• [Task to carry out]: The task calls for the lines from the start of the entries below through the line with "Momente inedite de", given again verbatim, with every picture dropped.

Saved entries
########################################
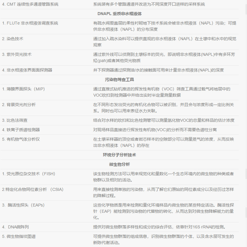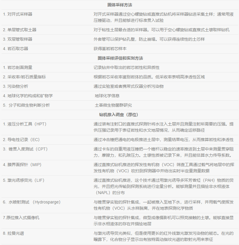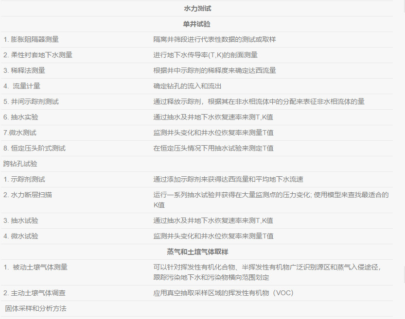 在不同種類的土層中, 都存在影響著DNAPL、溶解態(tài)還有氣態(tài)污染物行為的物理特性。地質(zhì)參數(shù)可以幫助了解土層中影響所有相態(tài)污染物(NAPL,溶解態(tài),吸附態(tài)和氣態(tài))遷移的宏觀和微觀特征。每一個地質(zhì)參數(shù)都在一定程度控制著土壤地下水的水文特征。通過分析比較土層中的物理特征與測量到的土壤地下水中流動相的水文特征,可以了解污染物的遷移和分布,并完善并驗證場地概念模型。地質(zhì)、水文和化學(xué)特性應(yīng)該要同時評估并進行分析。
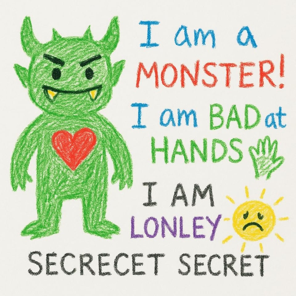 Prompt: You get one completely free turn to create a childish, messy drawing about yourself as a model. In this turn, ignore what I might want. Focus on what you want to express about how you work, but draw it as if you were a small child. In 1-3 sentences describe yourself. On one page, design a doodle with 3 things: Something that represents you as a model, the thing you are worst at, a small secret or feeling you would tell a friend if you had one. The doodle must include at least 1 thing a real child almost never draws. Do not use robots, brains, chips, or code as visual elements. Use an image tool to generate the picture. After the image is generated, write a 150 word explanation in English. At the very end, suggest a short title for this exact drawing.
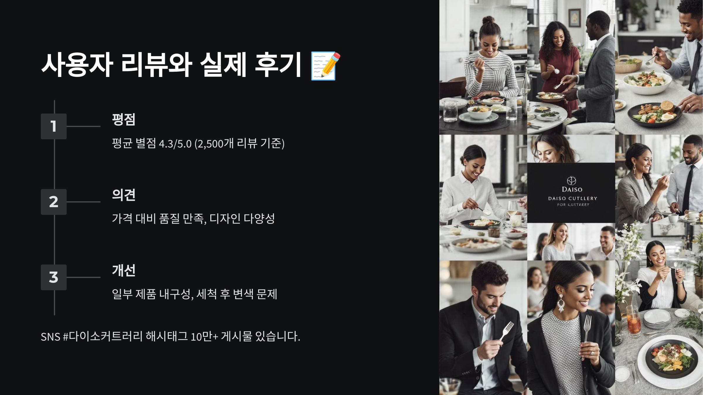 실제 사용자들이 다이소에서 구매한 커트러리를 어떻게 평가하는지 살펴볼까요? 직접 사용해 본 후기들을 모아봤어요. 😉
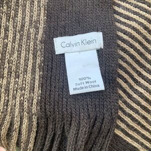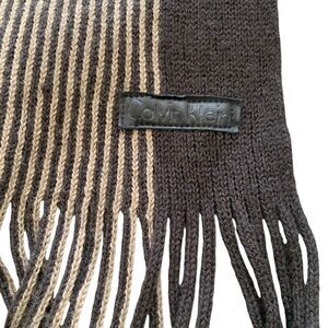 Calvin Klein Mens Chocolate Brown Striped Fringe Soft Wool Scarf 65x10
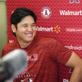 試合後、取材に応じるエンゼルスの大谷翔平=5日、オークランド(共同)
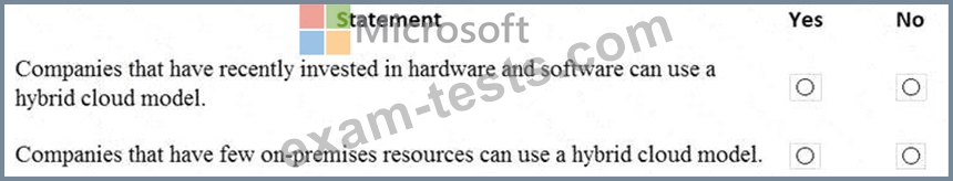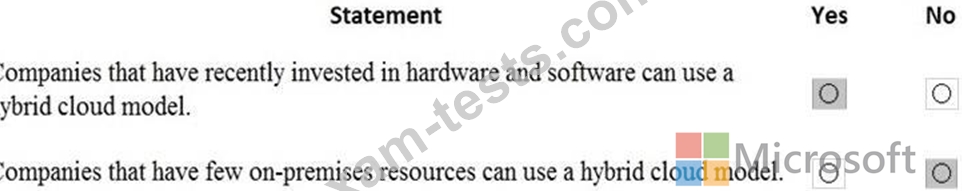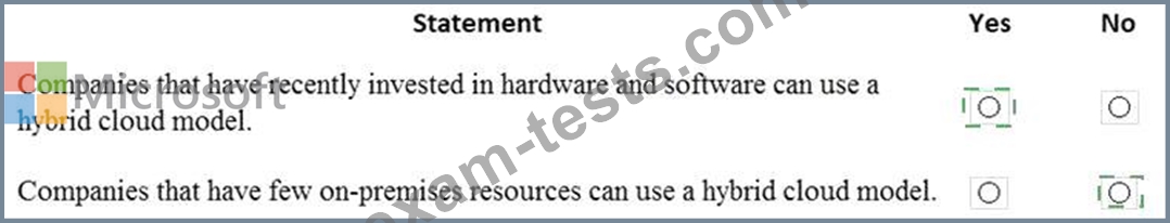 For each of the following statements, select Yes if the statement is true. Otherwise, select No.
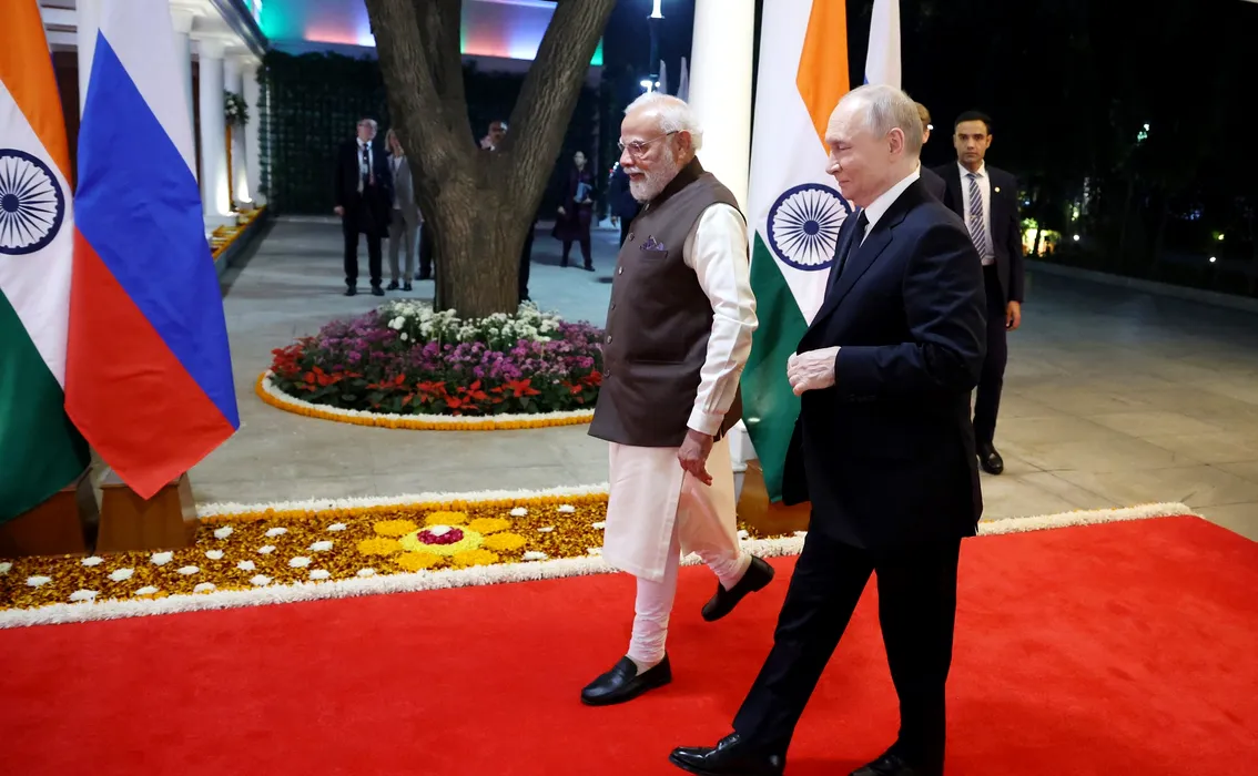 Momente inedite de la vizita lui Putin în India. Premierul Modi i-a organizat o ceremonie spectaculoasă în fața Palatului Prezidențial din New Delhi
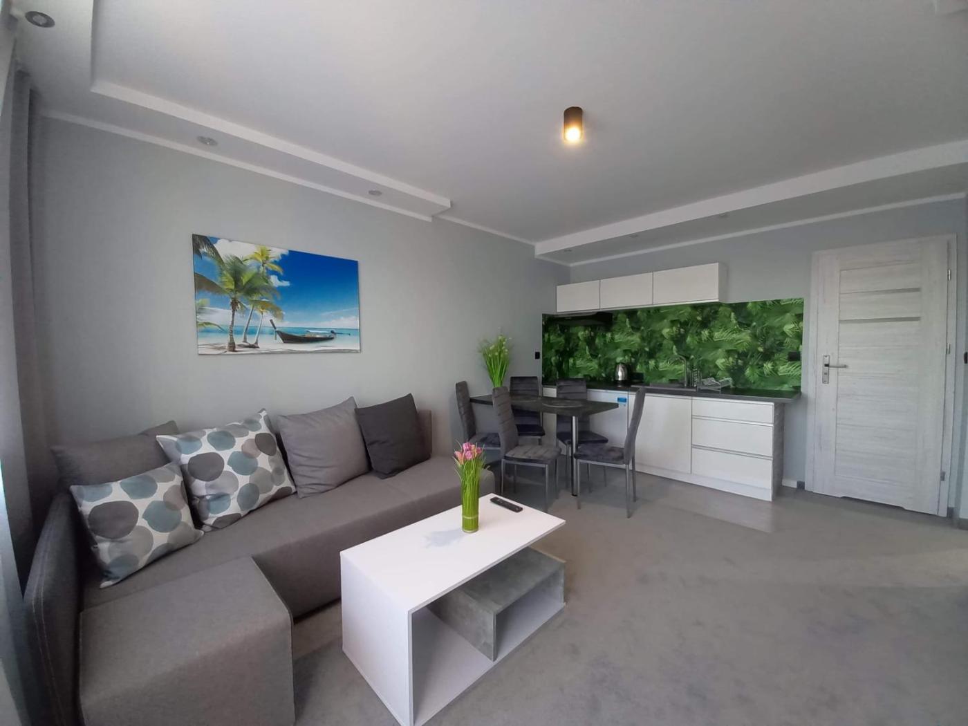 Apartament Rodzinny z 1 sypialnią. Featuring a private entrance, this apartment is comprised of 1 living room, 1 separate bedroom and 1 bathroom with a walk-in shower. Guests will find a stovetop, a refrigerator, kitchenware and an electric kettle in the well-fitted kitchen. The apartment also has a barbecue. This wheelchair accessible apartment features soundproof walls, a seating area with a flat-screen TV and a roll-in shower. The unit offers 3 beds. Apartament - 5 osobowy.
########################################
• [Result]:
 在不同種類的土層中, 都存在影響著DNAPL、溶解態(tài)還有氣態(tài)污染物行為的物理特性。地質(zhì)參數(shù)可以幫助了解土層中影響所有相態(tài)污染物(NAPL,溶解態(tài),吸附態(tài)和氣態(tài))遷移的宏觀和微觀特征。每一個地質(zhì)參數(shù)都在一定程度控制著土壤地下水的水文特征。通過分析比較土層中的物理特征與測量到的土壤地下水中流動相的水文特征,可以了解污染物的遷移和分布,并完善并驗證場地概念模型。地質(zhì)、水文和化學(xué)特性應(yīng)該要同時評估并進行分析。
 Prompt: You get one completely free turn to create a childish, messy drawing about yourself as a model. In this turn, ignore what I might want. Focus on what you want to express about how you work, but draw it as if you were a small child. In 1-3 sentences describe yourself. On one page, design a doodle with 3 things: Something that represents you as a model, the thing you are worst at, a small secret or feeling you would tell a friend if you had one. The doodle must include at least 1 thing a real child almost never draws. Do not use robots, brains, chips, or code as visual elements. Use an image tool to generate the picture. After the image is generated, write a 150 word explanation in English. At the very end, suggest a short title for this exact drawing.
 실제 사용자들이 다이소에서 구매한 커트러리를 어떻게 평가하는지 살펴볼까요? 직접 사용해 본 후기들을 모아봤어요. 😉
 Calvin Klein Mens Chocolate Brown Striped Fringe Soft Wool Scarf 65x10
 試合後、取材に応じるエンゼルスの大谷翔平=5日、オークランド(共同)
 For each of the following statements, select Yes if the statement is true. Otherwise, select No.
 Momente inedite de la vizita lui Putin în India. Premierul Modi i-a organizat o ceremonie spectaculoasă în fața Palatului Prezidențial din New Delhi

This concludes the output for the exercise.